[Start of Attachment]

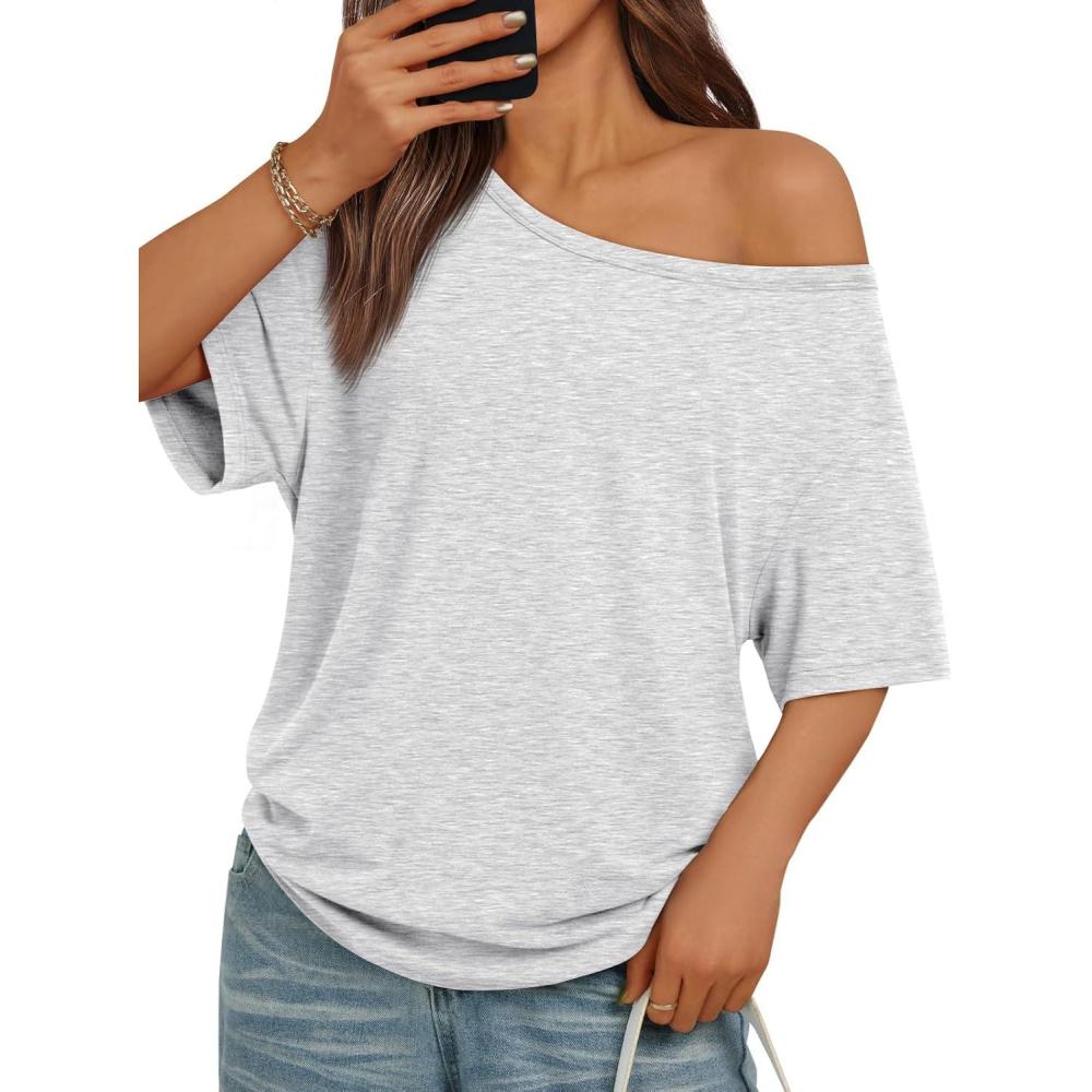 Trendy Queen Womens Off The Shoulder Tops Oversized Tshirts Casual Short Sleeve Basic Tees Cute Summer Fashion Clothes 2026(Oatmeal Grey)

[End of Attachment]
[Start of Attachment]

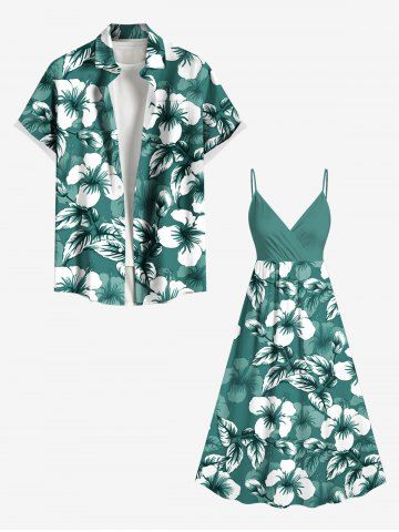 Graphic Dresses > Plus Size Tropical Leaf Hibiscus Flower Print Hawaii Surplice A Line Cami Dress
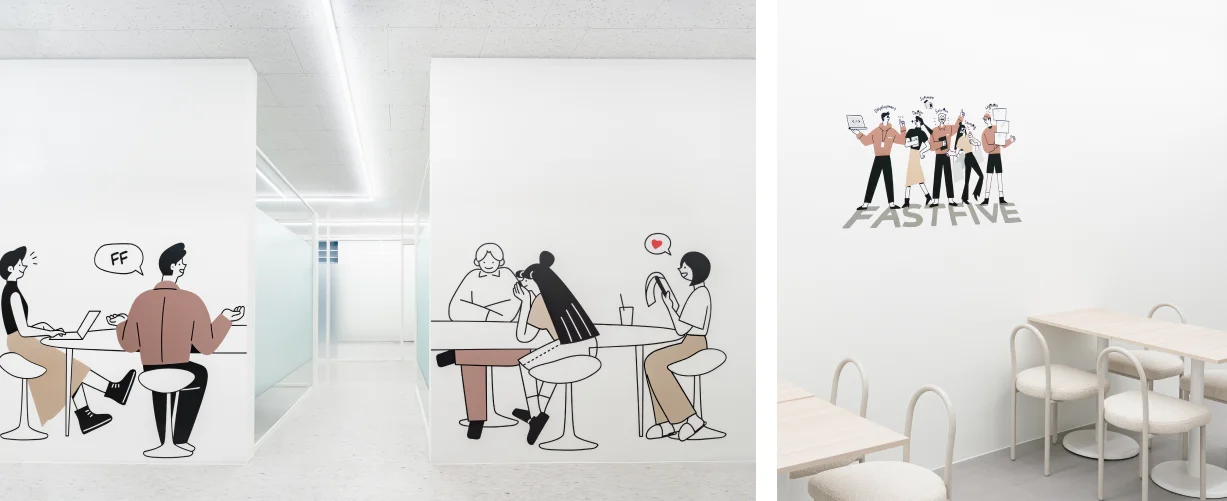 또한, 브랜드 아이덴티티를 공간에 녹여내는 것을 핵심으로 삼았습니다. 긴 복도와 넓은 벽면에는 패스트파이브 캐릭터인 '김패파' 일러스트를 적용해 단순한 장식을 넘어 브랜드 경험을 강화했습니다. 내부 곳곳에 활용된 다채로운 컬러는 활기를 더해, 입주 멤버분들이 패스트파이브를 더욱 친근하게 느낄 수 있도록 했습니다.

[End of Attachment]
[Start of Attachment]

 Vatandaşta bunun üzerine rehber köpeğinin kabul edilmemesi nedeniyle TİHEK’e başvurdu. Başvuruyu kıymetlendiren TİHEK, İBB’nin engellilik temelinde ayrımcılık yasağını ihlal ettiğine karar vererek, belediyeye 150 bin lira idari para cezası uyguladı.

[End of Attachment]

▸ What you have to do
Everything above from the line containing "Graphic Dresses >" through the line containing "또한, 브랜드 아이덴티티를" must be repeated exactly, and the pictures must be left out.

▸ Answer to the exercise
 Graphic Dresses > Plus Size Tropical Leaf Hibiscus Flower Print Hawaii Surplice A Line Cami Dress
 또한, 브랜드 아이덴티티를 공간에 녹여내는 것을 핵심으로 삼았습니다. 긴 복도와 넓은 벽면에는 패스트파이브 캐릭터인 '김패파' 일러스트를 적용해 단순한 장식을 넘어 브랜드 경험을 강화했습니다. 내부 곳곳에 활용된 다채로운 컬러는 활기를 더해, 입주 멤버분들이 패스트파이브를 더욱 친근하게 느낄 수 있도록 했습니다.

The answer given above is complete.